━━━━━ RECORDS FOR THIS TASK ━━━━━

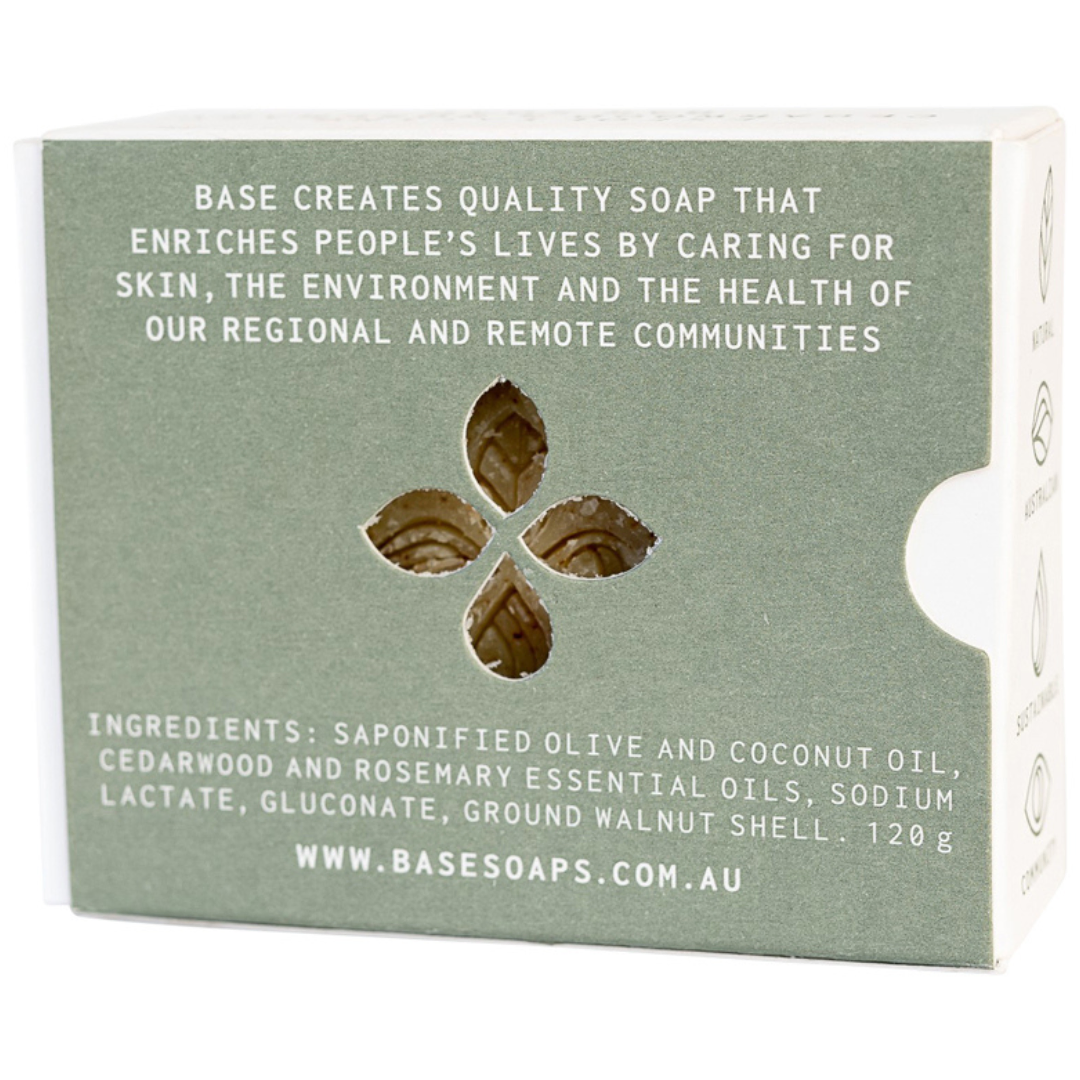 The Base Soaps Cedarwood and Rosemary Bar is a powerful soap crafted for heavy-duty cleaning, making it perfect for tackling extra dirty hands after tough jobs. With crushed walnut shell as a strong exfoliant and earthy essential oils, this bar is a hardworking sink soap made with natural, sustainably sourced ingredients. This uniquely formulated bar offers deep cleansing for hardworking hands while supporting a zero-waste, eco-friendly lifestyle.
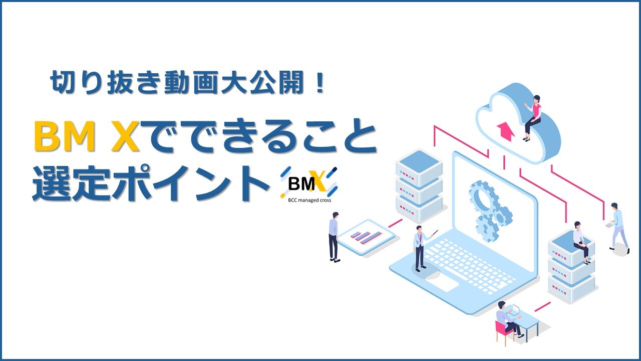 お知らせBM X(BCC managed cross)サービス動画公開のお知らせソリューションにてご提供しております、BM Xサービスの紹介動画を公開しました! -
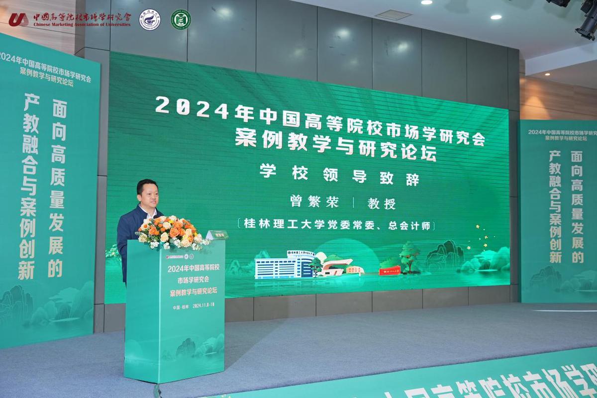 11月8日—11月10日,由中国高等院校市场学研究会案例教学与研究专业委员会主办,Beat365中文官方网站商学院和广西资源环境科技创新与绿色低碳发展研究智库等单位联合承办的2024年中国高等院校市场学研究会案例教学与研究论坛在桂林召开。Beat365中文官方网站党委常委、总会计师曾繁荣教授,中国高等院校市场学研究会副会长、案例教学与研究专业委员会主任连漪教授出席论坛并致辞。中欧国际工商学院赵先德教授,教育部长江学者特聘教授、浙江工商大学校长王永贵教授,教育部长江学者特聘教授、浙江财经大学校长魏江教授等80余家高等院校、出版社和企业的领导、知名专家学者、业界和师生代表等200余人参加论坛。
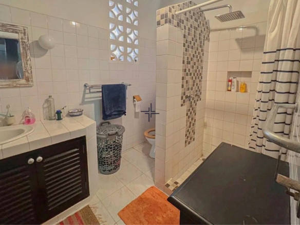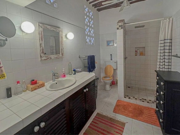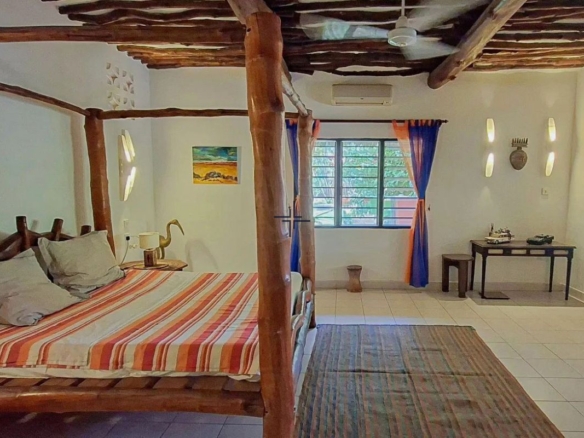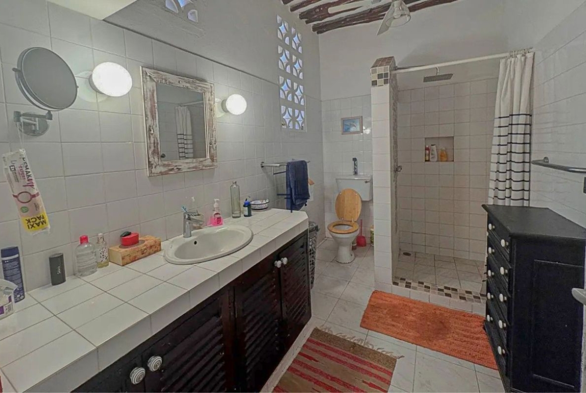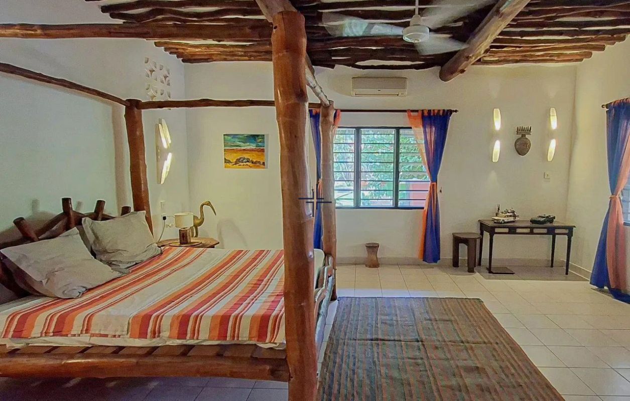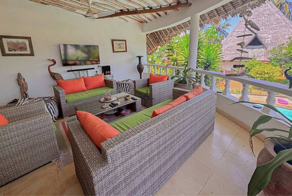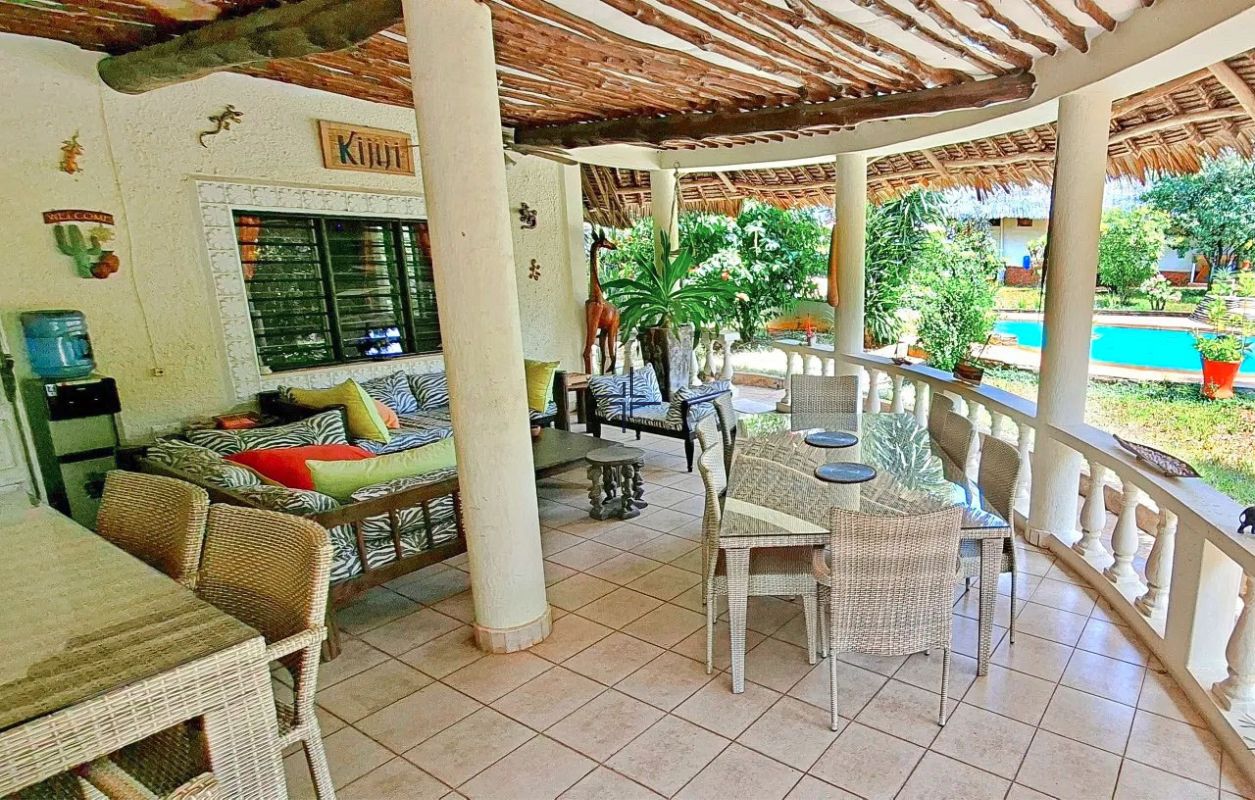 This is an inviting 2-bedroom house with a cottage for sale in Diani. The leasehold 3rd-row property sits on a 0.5-acre lush, tropical garden just off the tarmac road and only 740 metres from the beach.
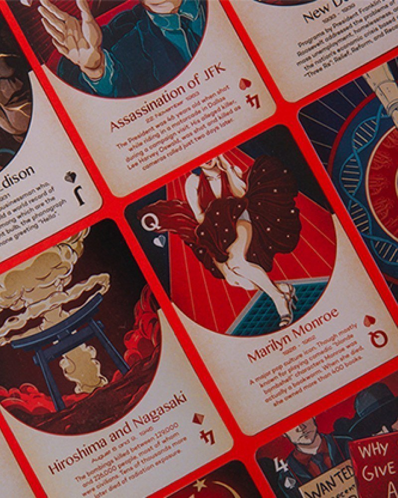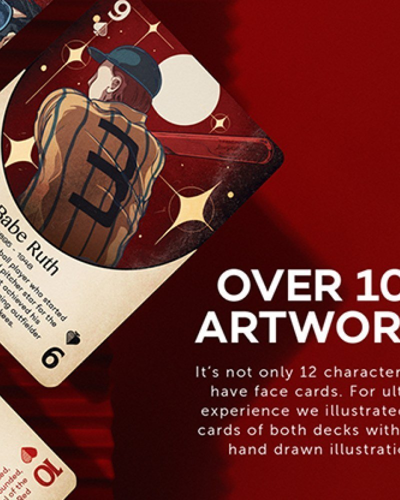 • 54 cartas exquisitamente diseñadas que representan décadas de patrimonio americano
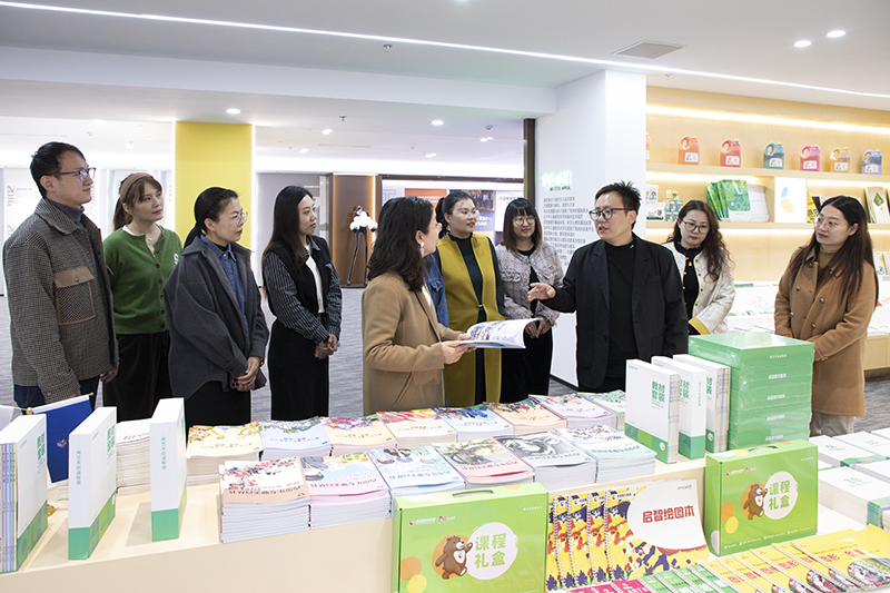 访谈之余,高登科老师兴致盎然地参观了我们的产品馆。从系统呈现希望美术教育发展脉络与教育理念的“希望历程馆”,到具体展现教学进阶的课程体系展示,高老师细致观摩,不时驻足交流。他对我们将抽象美育理念转化为具象、可感知的课程产品与教学成果表示赞赏。当看到将课程精华与创意素材融为一体的“课程礼盒”时,高老师表现出浓厚兴趣,认为这种形式让美育超越了课堂,真正融入了孩子的日常生活。此次参观不仅是一次成果检阅,更是一次双向的启发。高登科老师对我们在产品化、系统化方面的探索给予了高度评价,并且在美育的普适性与专业性结合方面做出了卓有成效的尝试。
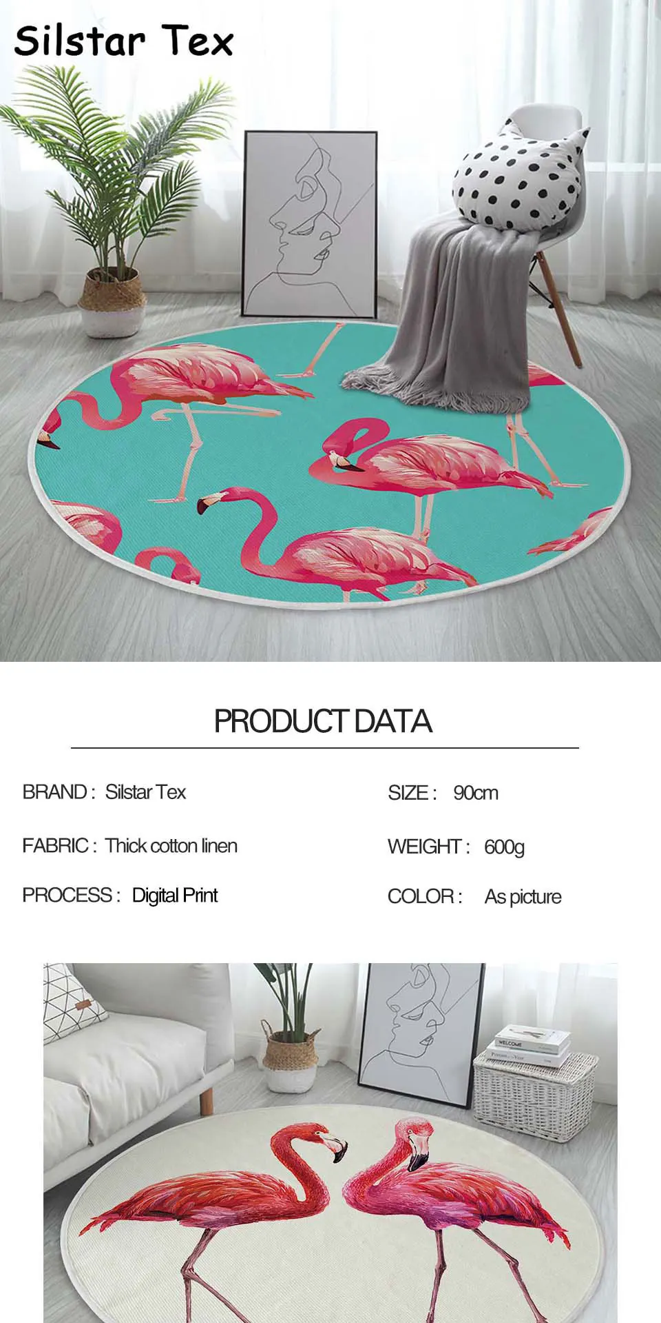 Silstar Tex Flamingo, круглый ковер для спальни, современный хлопковый ковер с принтом, коврик для детской комнаты

━━━━━

From the line that contains "de patrimonio americano" down to the final line of the entries above, please copy each line exactly, excluding pictures.

**EXERCISE RESPONSE**
 • 54 cartas exquisitamente diseñadas que representan décadas de patrimonio americano
 访谈之余,高登科老师兴致盎然地参观了我们的产品馆。从系统呈现希望美术教育发展脉络与教育理念的“希望历程馆”,到具体展现教学进阶的课程体系展示,高老师细致观摩,不时驻足交流。他对我们将抽象美育理念转化为具象、可感知的课程产品与教学成果表示赞赏。当看到将课程精华与创意素材融为一体的“课程礼盒”时,高老师表现出浓厚兴趣,认为这种形式让美育超越了课堂,真正融入了孩子的日常生活。此次参观不仅是一次成果检阅,更是一次双向的启发。高登科老师对我们在产品化、系统化方面的探索给予了高度评价,并且在美育的普适性与专业性结合方面做出了卓有成效的尝试。
 Silstar Tex Flamingo, круглый ковер для спальни, современный хлопковый ковер с принтом, коврик для детской комнаты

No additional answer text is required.